REQUIRED ACTION = Output each line exactly as written, from the first line of the records to the line bearing "The Blocks Outdoorsmen", inclusive, while leaving every picture out.

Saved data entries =
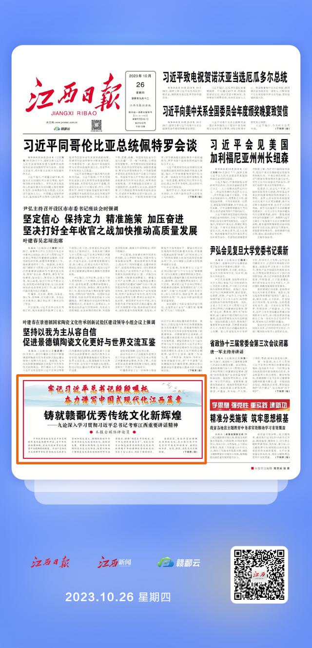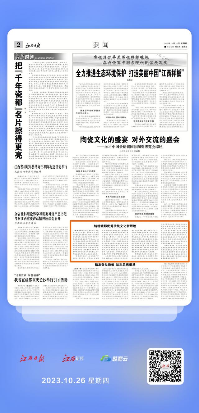 江西日报评论员文章丨铸就赣鄱优秀传统文化新辉煌
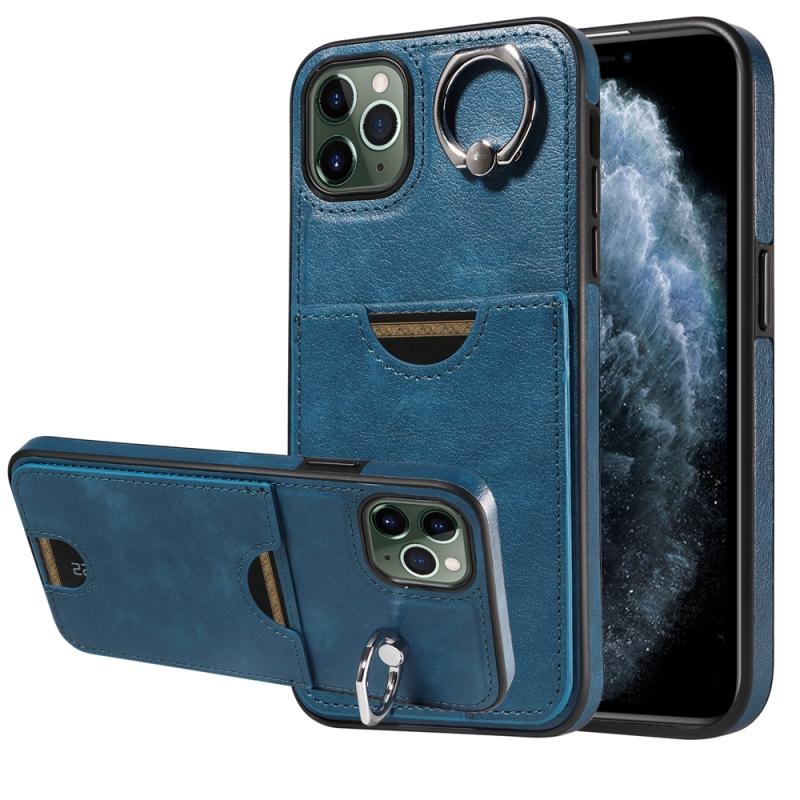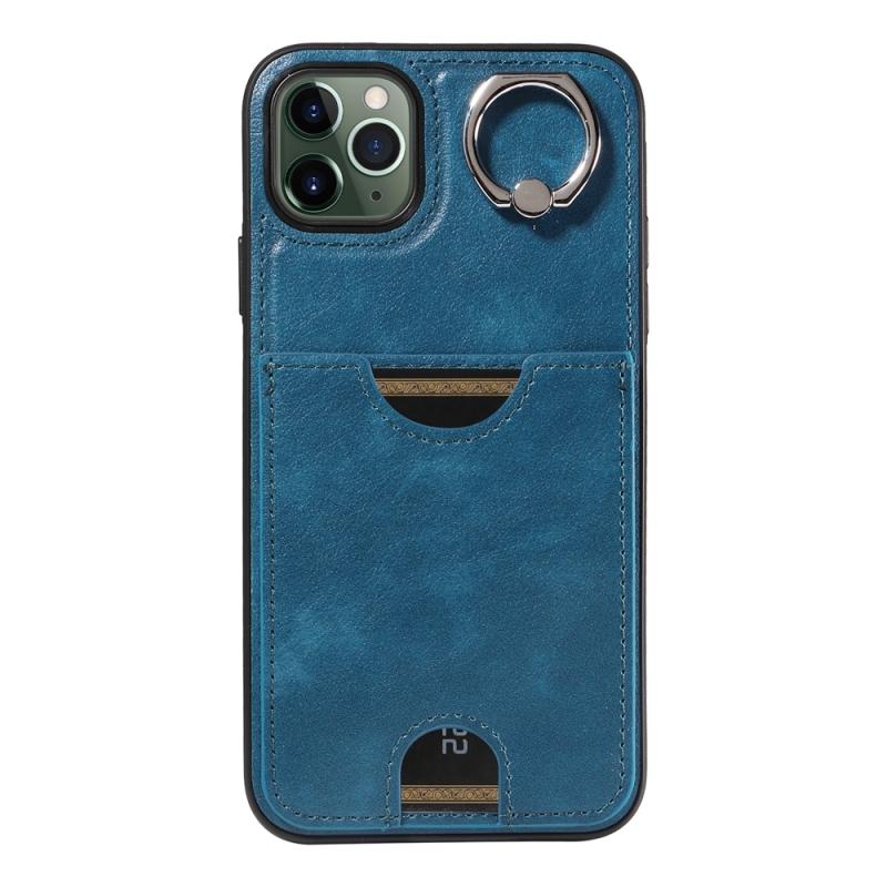 For iPhone 11 Pro Max Calf Texture Card Slot Ring Holder Phone Case(Blue)
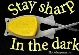 The Blocks Outdoorsmen knife sharpener, which handle glows in the dark, can sharpen various cutting edges. Block Knife sharpeners feature a unique flex design in the handles design, allowing the honing rods to adapt to your knife’s edge. Thus, you can enhance the sharpness of your knives by drawing the blades through the honing rods. You can sharpen kitchen knives, pocketknives, hunting knives, swords, daggers, hatchets, machetes, scissors, and any serrated edges. Instructional videos are available on our site.
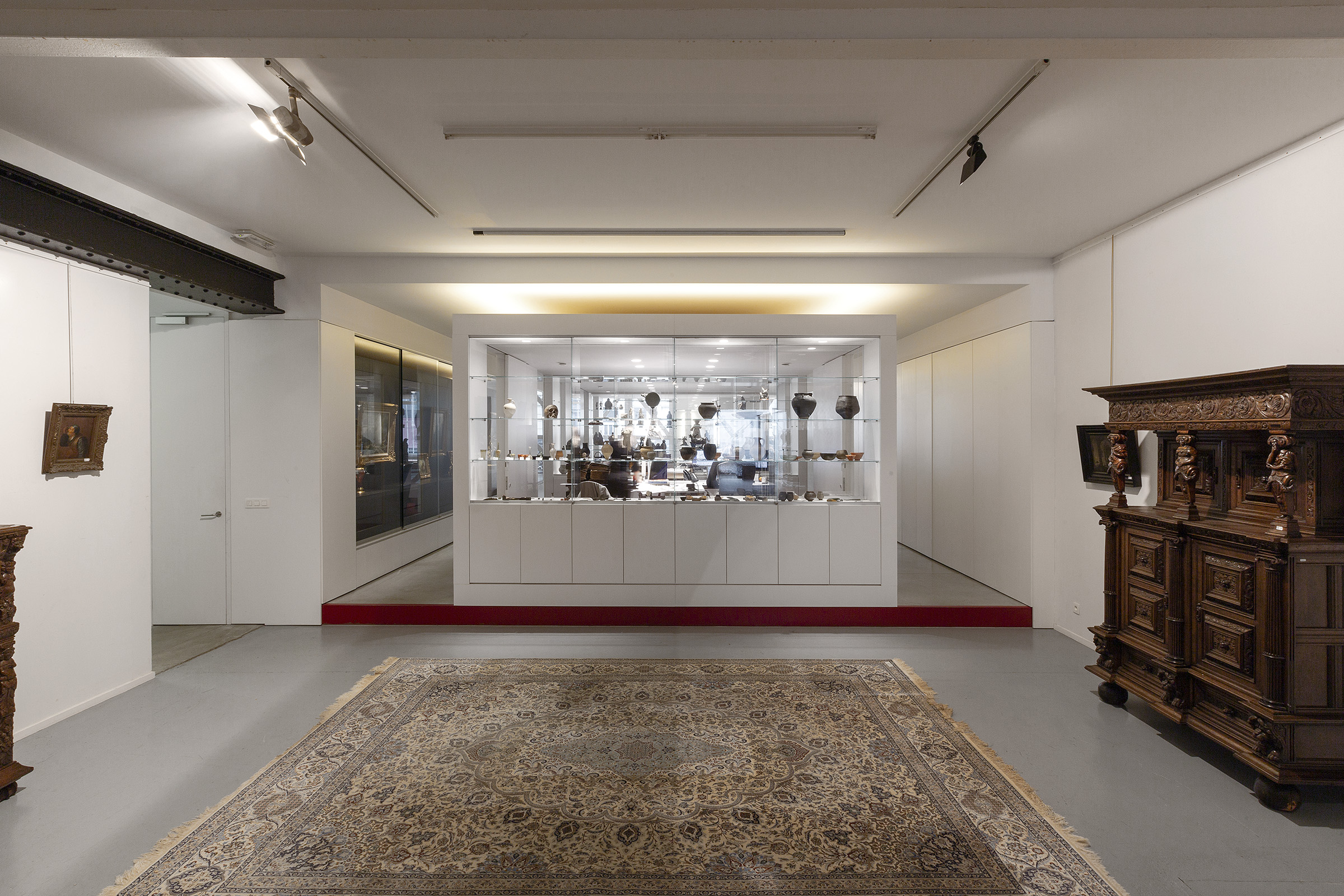 Een blokvormig volume vangt de nood aan kantoorruimte op en is als los element middenin de ruimte geplaatst. Het volume is opengewerkt met glas, waar ruimte ontstaat om te etaleren. Het niveauverschil op het gelijkvloers werd overbrugd met een podium, dat eveneens de ruimte afbakent en toelaat om deze ruimte in te richten als afzonderlijke expositieruimte.
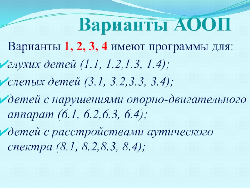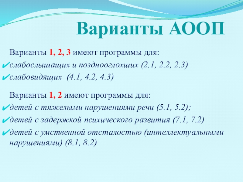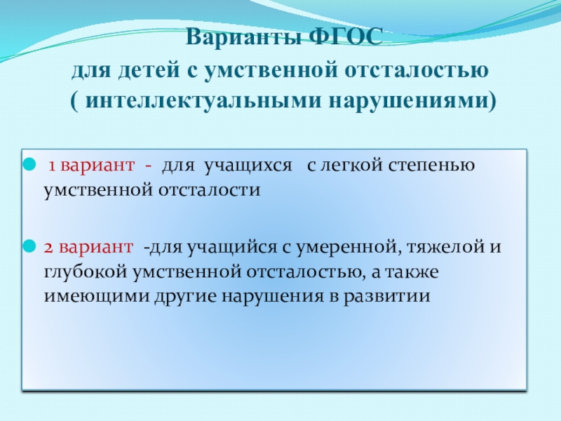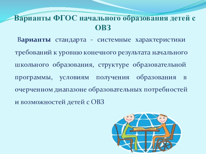 Слайд 7 Варианты ФГОС начального образования детей с ОВЗ
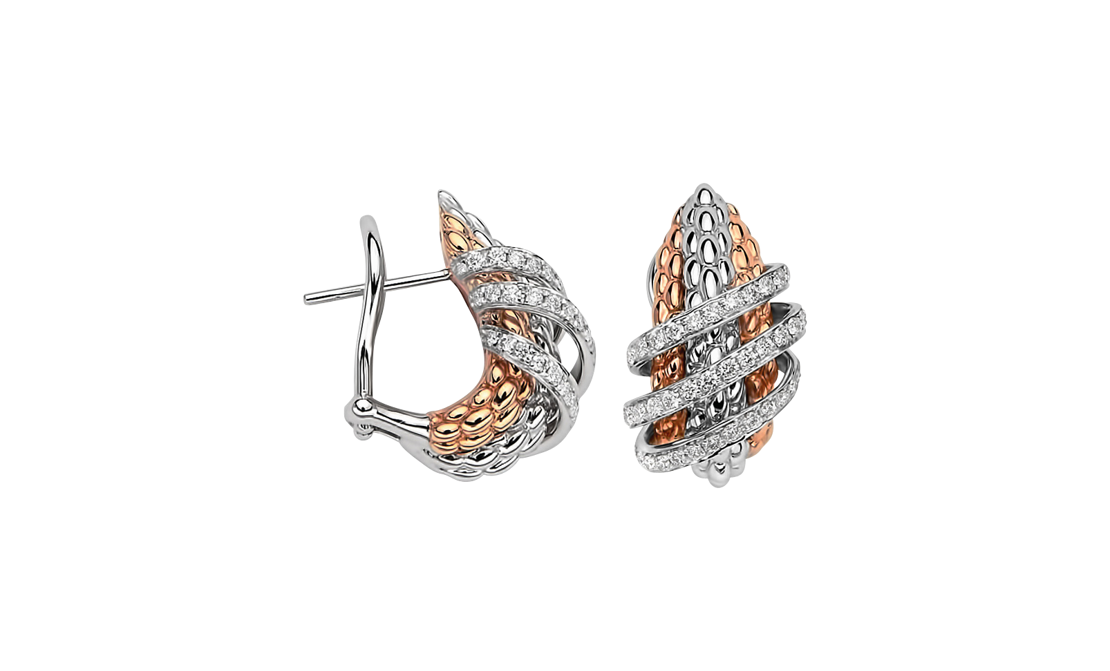 in 750 rose gold and white gold with several brilliant-cut diamonds (2 x 0.41 carats)

THE COMPLETED TASK =
 江西日报评论员文章丨铸就赣鄱优秀传统文化新辉煌
 For iPhone 11 Pro Max Calf Texture Card Slot Ring Holder Phone Case(Blue)
 The Blocks Outdoorsmen knife sharpener, which handle glows in the dark, can sharpen various cutting edges. Block Knife sharpeners feature a unique flex design in the handles design, allowing the honing rods to adapt to your knife’s edge. Thus, you can enhance the sharpness of your knives by drawing the blades through the honing rods. You can sharpen kitchen knives, pocketknives, hunting knives, swords, daggers, hatchets, machetes, scissors, and any serrated edges. Instructional videos are available on our site.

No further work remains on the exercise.